It seems as if I haven't quite understood the impact of qf. I thought
it would allow me to boost the score based on a string appearing in a
field. I didn't expect it to affect what matches and what doesnt.
Marian
Re: Zero Matches Weirdness
Posted by Erik Hatcher <er...@gmail.com>.
No, don't do that. That's definitely not good advice. If the analysis chain is the same for both index and query, just use <analyzer>.
As for Marian's issue... was there literally a + in the query or was that urlencoded? Try debugQuery=true for both queries and see what you get for the query parsing output.
Erik
On Feb 3, 2012, at 14:18 , Dmitry Kan wrote:
> Actually, I wouldn't count on it and just specify index and query sides
> explicitly. Just to play it safe.
>
> On Fri, Feb 3, 2012 at 8:34 PM, Marian Steinbach <ma...@sendung.de> wrote:
>
>> 2012/2/3 Dmitry Kan <dm...@gmail.com>:
>>> What about <query> side of the field?
>>>
>>
>> It's identical. At least that's what I think, since I din't specify
>> the type="query" or type="index" attribute for the analyzer part.
>>
>> Marian
>>
>
>
>
> --
> Regards,
>
> Dmitry Kan
Re: Zero Matches Weirdness
Posted by Dmitry Kan <dm...@gmail.com>.
Actually, I wouldn't count on it and just specify index and query sides
explicitly. Just to play it safe.
On Fri, Feb 3, 2012 at 8:34 PM, Marian Steinbach <ma...@sendung.de> wrote:
> 2012/2/3 Dmitry Kan <dm...@gmail.com>:
> > What about <query> side of the field?
> >
>
> It's identical. At least that's what I think, since I din't specify
> the type="query" or type="index" attribute for the analyzer part.
>
> Marian
>
--
Regards,
Dmitry Kan
Re: Zero Matches Weirdness
Posted by Marian Steinbach <ma...@sendung.de>.

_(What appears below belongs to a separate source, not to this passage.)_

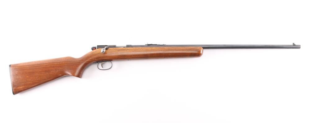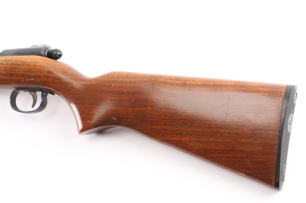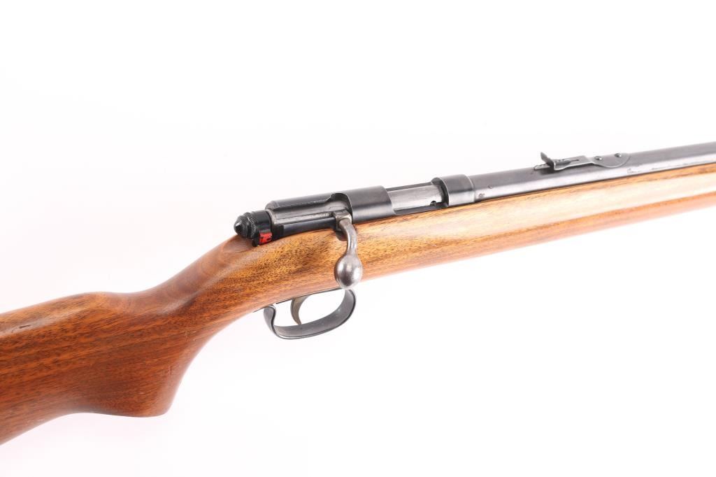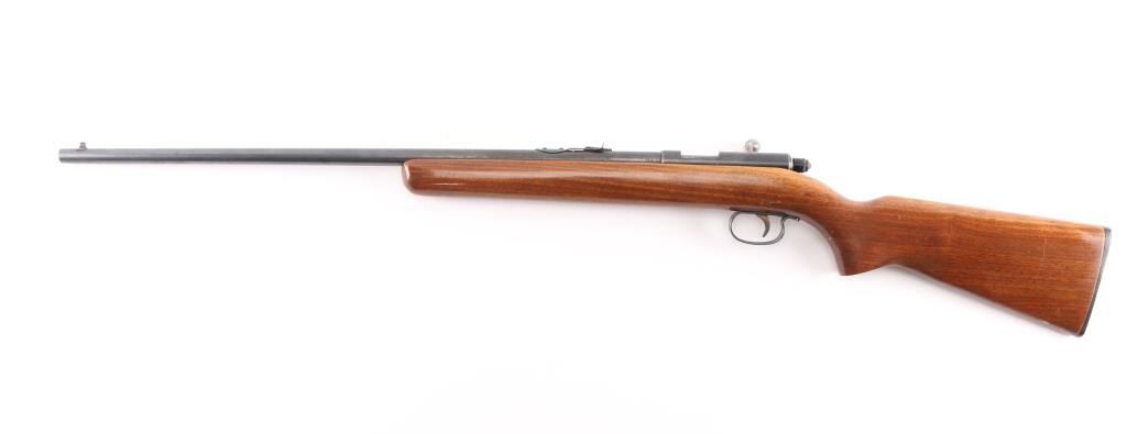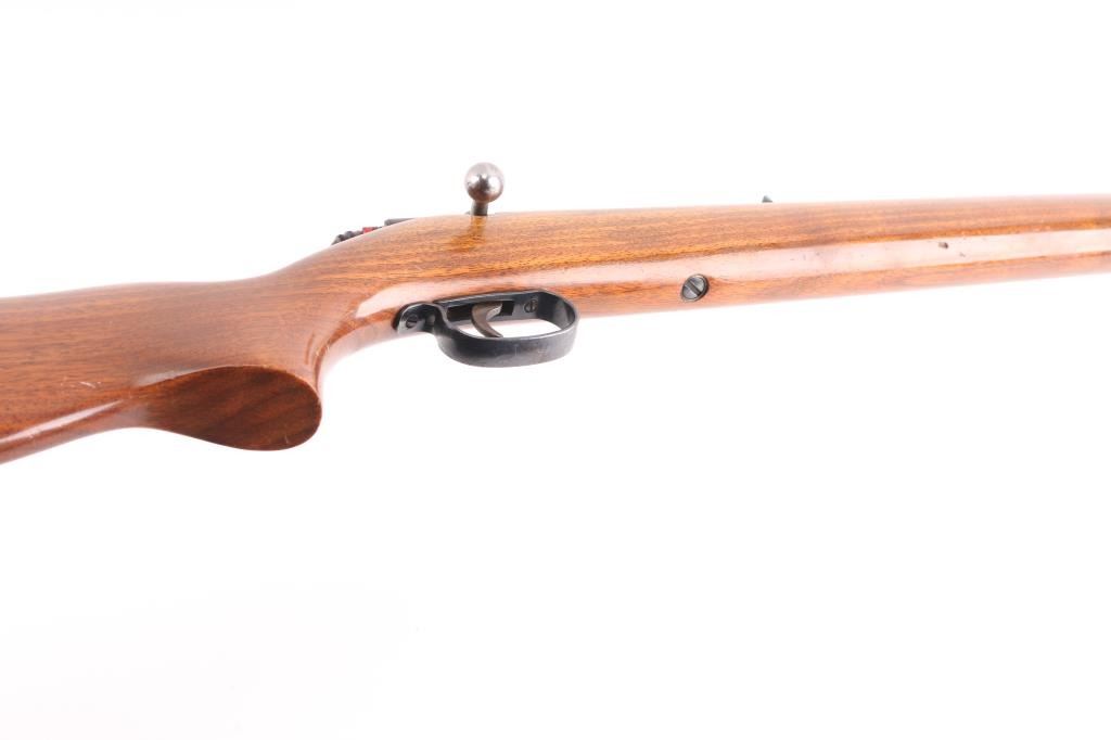 Vintage Bolt-Action Single-Shot rimfire rifle chambered for .22 Short, Long and Long Rifle cartridges, circa 1951. Features blued finish, smooth walnut stock, 24" barrel, dovetailed blade front sight, adjustable notch rear sight, metal trigger guard, smooth trigger, rotating cocking piece safety. Bore is very good condition. Retains 85% finish, some drifting towards gray color, with edge losses and scratches. Stock is very good, varnished, some dents and dings, possibly refinished.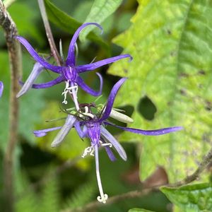 シデシャジン(四手沙参) 学名:Asyneuma japonicum) キキョウ科シデシャジン属の多年草。 花 期 7~9月 高 さ 50~100㎝ 生育場所 山地の林縁、草原 分 布: 北海道、本州、四国、九州、 ⚪︎在来種 この特徴的な青い花が好きです💙😊 ⚪︎謂れ: 神社のしめ縄や玉串などにつける白い紙(四手)のように花が細く裂けることから。 特徴: 茎を切ると白色の乳液が出ます。 葉には根出葉と茎に互生する葉があり、卵形~長卵形。 柄には翼が見られます。 茎先や葉腋に総状花序を出します。 花は青紫色🟦で、独特な形をしていて、花冠は深く5裂して、裂片は細く、反り返ります。 5本の雄しべと1本の雌しべが突き出します。 果実は扁球形の蒴果です。

2012/2/3 Dmitry Kan <dm...@gmail.com>:
> What about <query> side of the field?
>
It's identical. At least that's what I think, since I din't specify
the type="query" or type="index" attribute for the analyzer part.
Marian
Re: Zero Matches Weirdness
Posted by Dmitry Kan <dm...@gmail.com>.
What about <query> side of the field?
On Fri, Feb 3, 2012 at 6:11 PM, Marian Steinbach <ma...@sendung.de> wrote:
> Hi!
>
> I am having a weird issue with a search string not producing a match
> where it should. I can reproduce it with both 3.4 and 3.5.
>
> "Where it should" means that I am getting a hit in the "Analyse" tool
> in the admin panel, but not in a query via /select.
>
> Now when I try
>
> select?q=Am+Heidstamm&...
>
> I get zero results back. But, when I quote the string
>
> select?q=%22Am+Heidstamm%22&...
>
> I get several hits.
>
> BTW, the token "am" is filtered out in the field text, since it's in a
> stopword list.
>
> Any ideas on how this can b explained?
>
> My defaultSearchField ist "text". The field gets its content via
> several copyField statements.
>
> The configuration for text is as follows:
>
> <field name="text" type="text_de" indexed="true" stored="false"
> multiValued="true" />
>
> The configuration for type text_de is this:
>
> <fieldType name="text_de" class="solr.TextField"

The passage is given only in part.